■ **Work to be completed**:
Beginning at the line containing "walkway with wooden" in the material below and ending at the line containing "Jilani Collection - Damen", return each line exactly and add nothing.

■ **The records**:

----

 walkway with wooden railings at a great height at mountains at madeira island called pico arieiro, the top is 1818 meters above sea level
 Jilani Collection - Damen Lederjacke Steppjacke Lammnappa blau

----

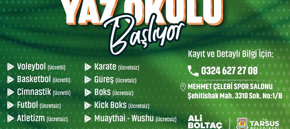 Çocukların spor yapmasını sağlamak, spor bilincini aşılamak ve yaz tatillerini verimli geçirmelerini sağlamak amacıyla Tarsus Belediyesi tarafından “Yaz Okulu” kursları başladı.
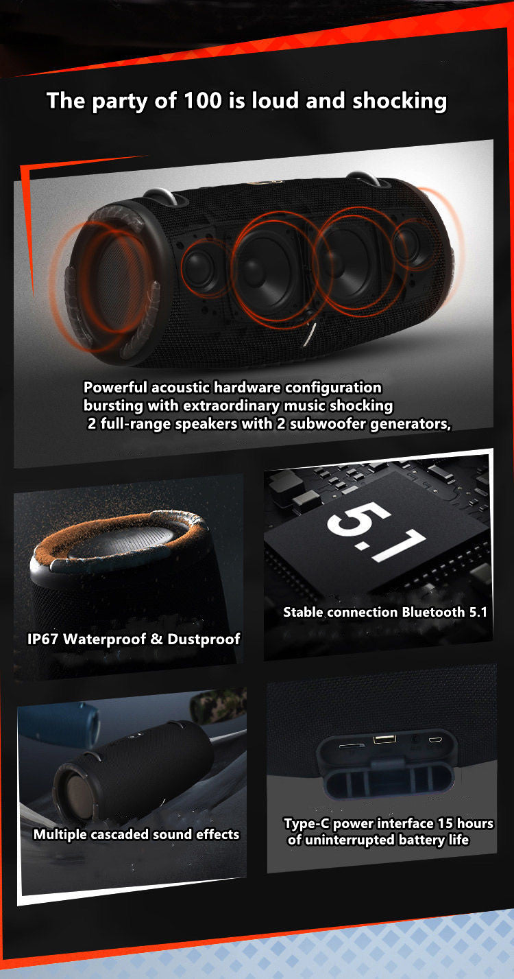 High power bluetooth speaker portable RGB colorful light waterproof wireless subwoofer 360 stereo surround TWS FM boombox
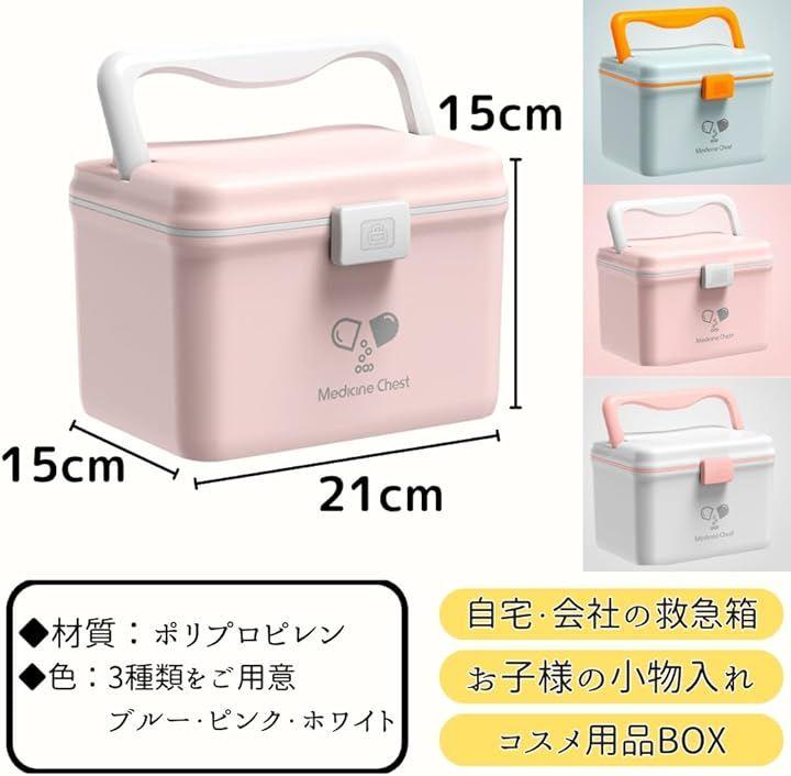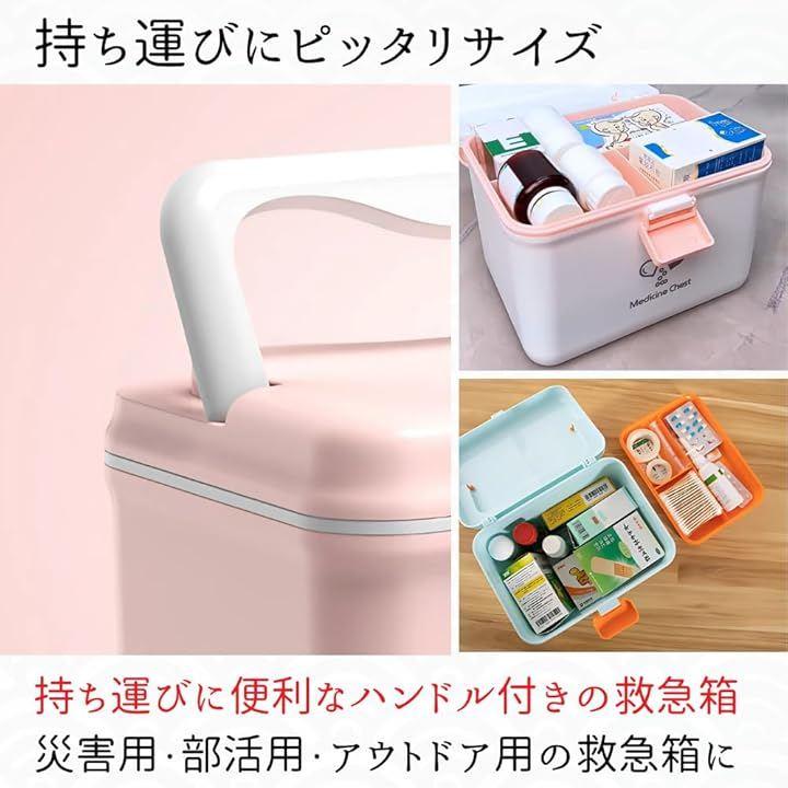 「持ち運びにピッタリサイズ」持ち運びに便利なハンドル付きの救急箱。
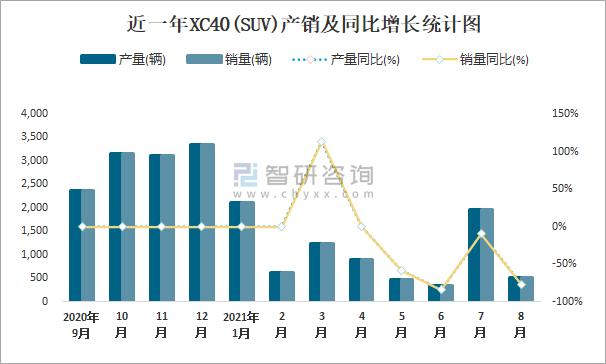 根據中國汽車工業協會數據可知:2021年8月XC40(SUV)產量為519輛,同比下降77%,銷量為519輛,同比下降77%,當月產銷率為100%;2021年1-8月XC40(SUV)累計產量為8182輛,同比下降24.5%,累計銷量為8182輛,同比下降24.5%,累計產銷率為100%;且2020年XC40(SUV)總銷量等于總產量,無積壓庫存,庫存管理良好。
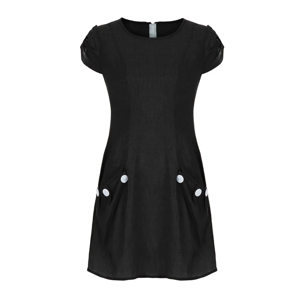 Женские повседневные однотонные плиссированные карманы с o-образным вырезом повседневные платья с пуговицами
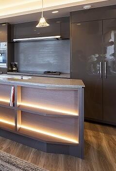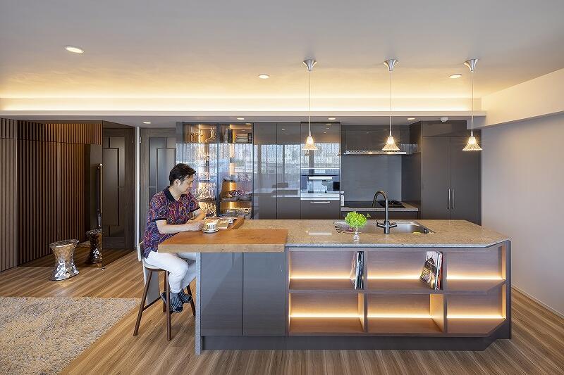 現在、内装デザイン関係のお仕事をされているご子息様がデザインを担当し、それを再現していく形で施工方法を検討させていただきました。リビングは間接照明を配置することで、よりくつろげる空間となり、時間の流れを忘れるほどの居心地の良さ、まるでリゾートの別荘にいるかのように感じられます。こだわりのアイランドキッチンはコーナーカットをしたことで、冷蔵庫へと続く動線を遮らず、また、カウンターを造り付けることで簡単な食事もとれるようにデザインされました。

----

■ **Output of the exercise**:
 walkway with wooden railings at a great height at mountains at madeira island called pico arieiro, the top is 1818 meters above sea level
 Jilani Collection - Damen Lederjacke Steppjacke Lammnappa blau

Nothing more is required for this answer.